Fears that the police were focusing on them as the prime suspects in JonBenét’s murder led John and Patsy to hire a lawyer days after their daughter’s death.
“We assumed that the police would show some level of discernment and wisdom and say, ‘Yeah, well this is crazy, to think [we] murdered our child,’ ” he told PEOPLE. “Well, they never did. They made that decision on day one, and tried desperately to prove it,” John claimed.

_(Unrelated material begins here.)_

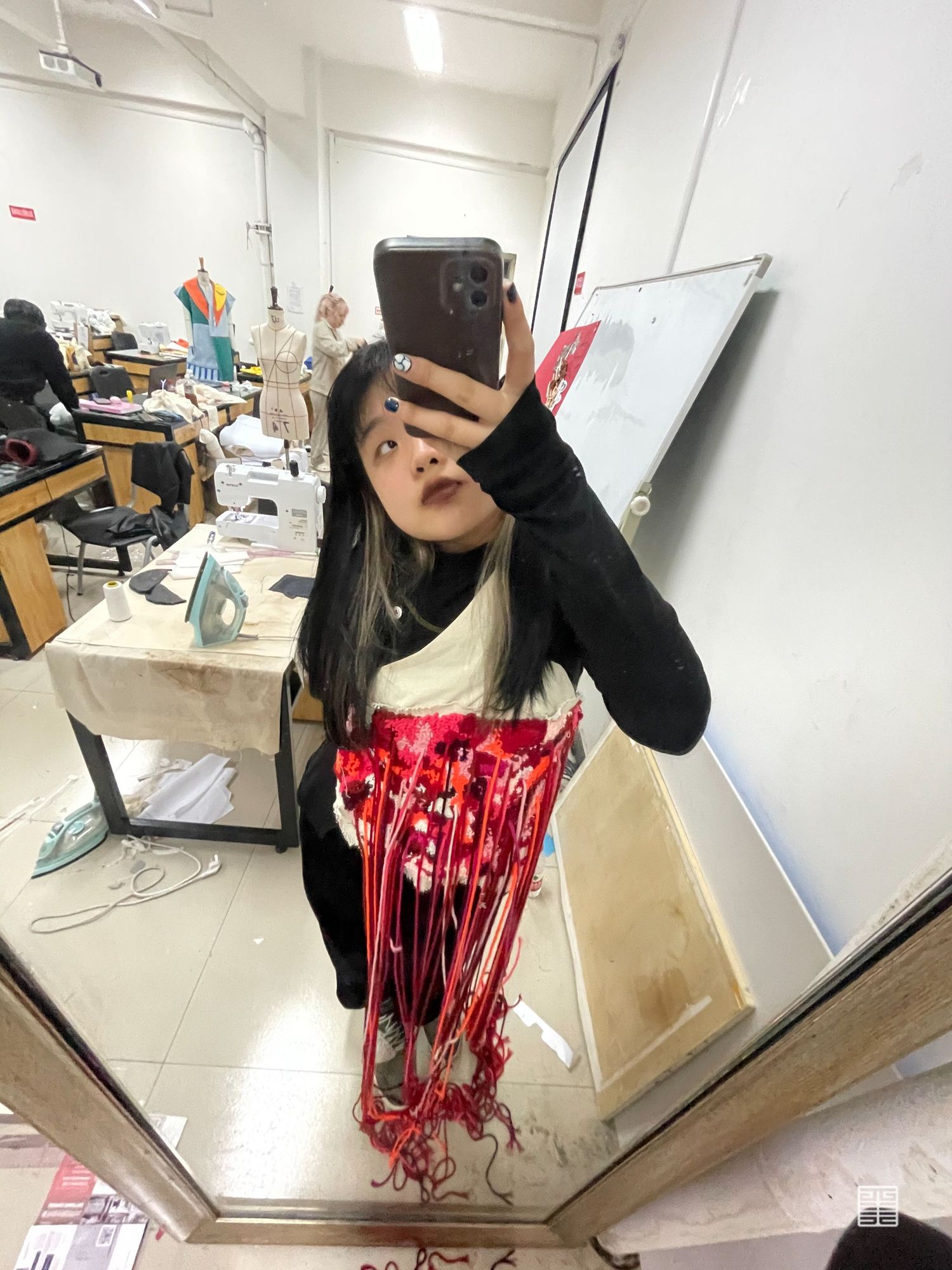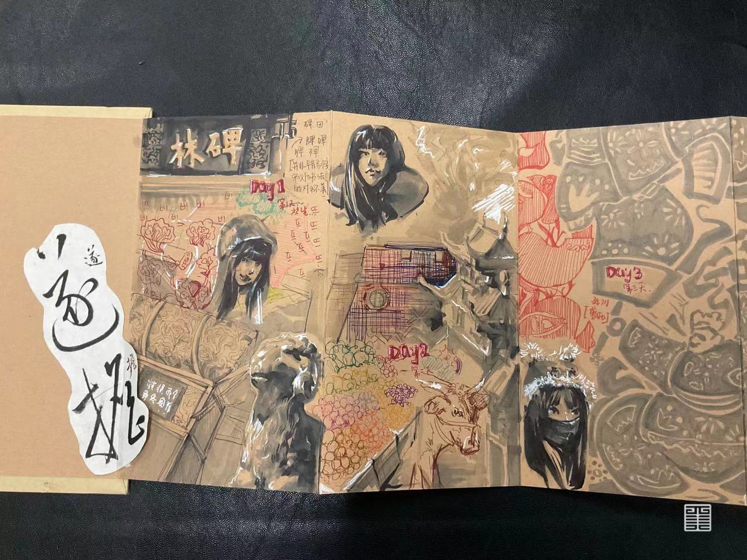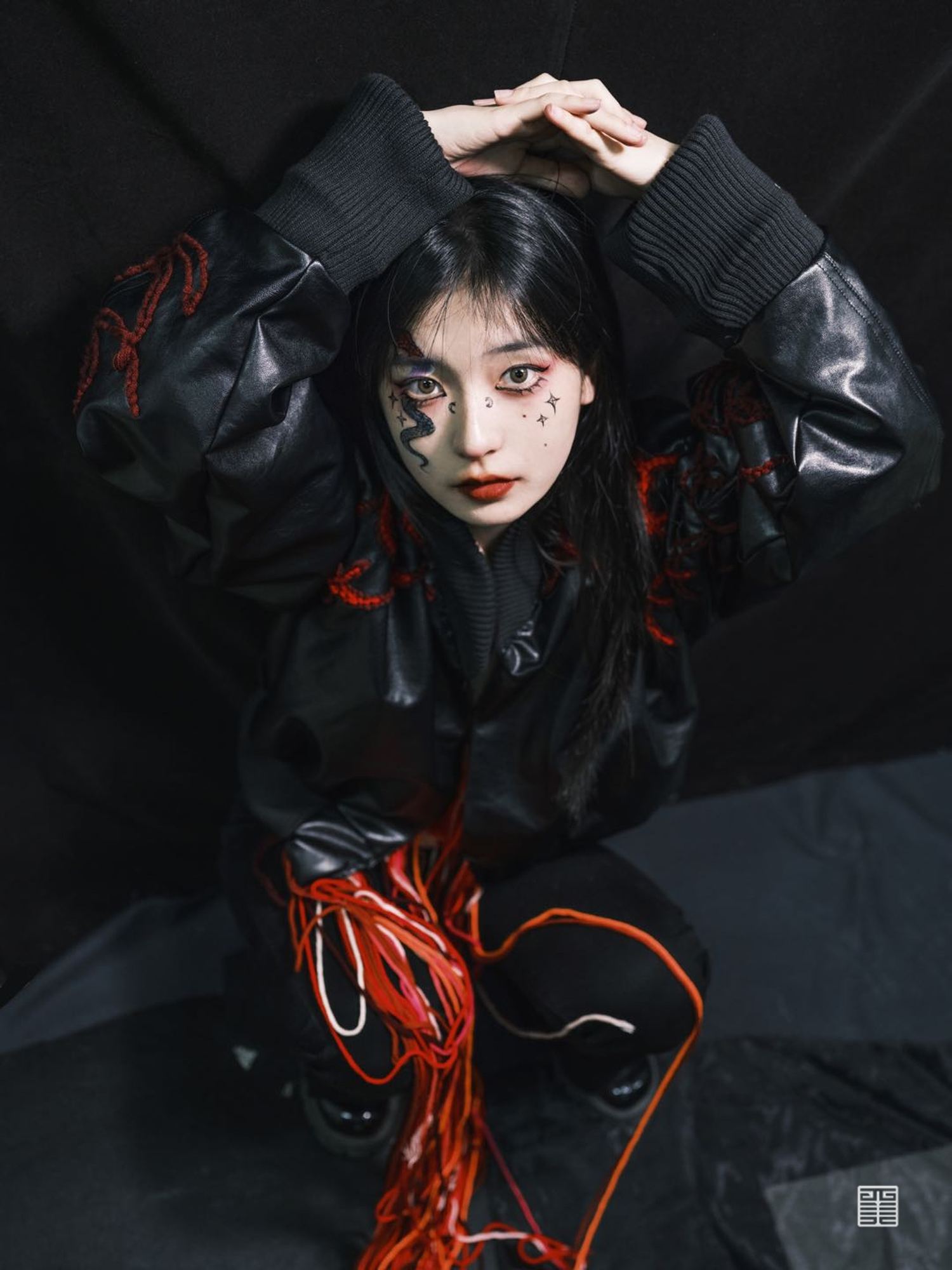 个人作业主题为陕西特色水果石榴,根据其颜色和造型特点提取廓形,结合创意运动装设计一系列石榴特色的服装,名为时留。将陕西最丰收的果实表现出来。小组成衣作品以民俗中的五毒作为灵感来源,分别是蛇、蝎、蜈蚣、壁虎、蟾蜍,谷雨以后气温升高,病虫害进入高繁衍期,为了减轻虫害对作物及人的伤害,农家一边进田灭虫,一边张贴谷雨贴,进行驱凶纳吉的祈祷。这一习俗在陕西一带十分流行。在此次写生采风过程中我们将毛线编织元素与民俗结合起来,以皮革作为编织的底布,在皮革上用毛线作画,并且使用经典的红黑配色,将民俗拉入现代视角。将蛇形态结构留其骨架,外套结合戳戳绣的手法将蛇骨缠绕在皮质布料上,内搭使用红色多色阶套色用像鲜血一样的红衬托外套。

The Ramseys were never charged in the case, despite a grand jury deciding in 1999 that John and Patsy had “unlawfully, knowingly, recklessly and feloniously permit[ted] a child to be unreasonably placed in a situation which posed a threat of injury to the child’s life or health.” The Boulder police also confirmed to the media that John and Patsy were under an “umbrella of suspicion,” but the prosecutor decided there was not enough evidence to continue pursuing a case against JonBenét’s parents.
Despite the prosecutor declining to pursue the case any further, one former detective, Steve Thomas, wrote a book in 2000, JonBenét: Inside the Ramsey Murder Investigation, alleging that Patsy accidentally killed her daughter in a fit of rage over a bedwetting incident.
John and Patsy were formally cleared of any involvement in JonBenét’s murder in 2008.
The Ramseys passed a private polygraph test in 2000
CBS reported in May 2000 that John and Patsy passed a privately conducted polygraph test during which they were asked if they killed JonBenét. Polygraph examiner Ed Gelb told reporters at the time, “Neither John nor Patsy were attempting deception when they gave the answers.”
These results came after a back-and-forth with Boulder police who wanted the tests to be conducted by the FBI rather than the expert the Ramseys had hired.
John and Patsy’s attorney told The Washington Post in April 2000 that the parents didn’t want the FBI involved in the test because he claimed the organization’s polygraph exam is designed to “intimidate and interrogate” rather than determine the truth.
The polygraph test may have changed public opinion of the Ramseys but did not change their legal status as polygraph results are not admissable in court.
John Mark Karr confessed to the murder in 2006
The Netflix docuseries also outlines the multiple suspects police questioned throughout the investigation — including one who confessed.
In 2006, a man named John Mark Karr was arrested in Bangkok after he claimed to have killed the Colorado toddler. He confessed during a four-year-long email correspondence with documentary producer Michael Tracey, but the confession did not hold up. Karr’s DNA didn’t match what was found on JonBenét’s body, and his family claimed that he was with them at the time of the murder.
Another suspect, Gary Howard Oliva, who spent eight years in prison on child pornography charges, was first named as a person of interest in a 2002 episode of the CBS show 48 Hours Investigates. He never confessed to the crime, but he was in the Boulder area when it happened and had a photo of JonBenét with him when he was arrested in 2000. However, police said his DNA did not match the evidence found on JonBenét.
According to the City of Boulder, detectives have spoken to over 1,000 people in connection to the crime.
JonBenét’s murder remains unsolved
As of November 2024, no one has been charged in the murder of JonBenét Ramsey. Her father told PEOPLE that the Boulder Police Department has allegedly refused to send certain pieces of evidence, like the garotte, for more modern styles of DNA testing.
“We’re not asking them to do anything weird,” John said. “Just do your job. Test the DNA.”
In December 2023, the City of Boulder released an update on the homicide investigation, announcing that the police department had asked the Colorado Cold Case Review Team for recommendations on whether new forensic testing technologies could produce “new intelligence or leads to solve the case.”
Because the investigation into JonBenét’s 1996 murder is still ongoing, the specific recommendations made will not be released to the public.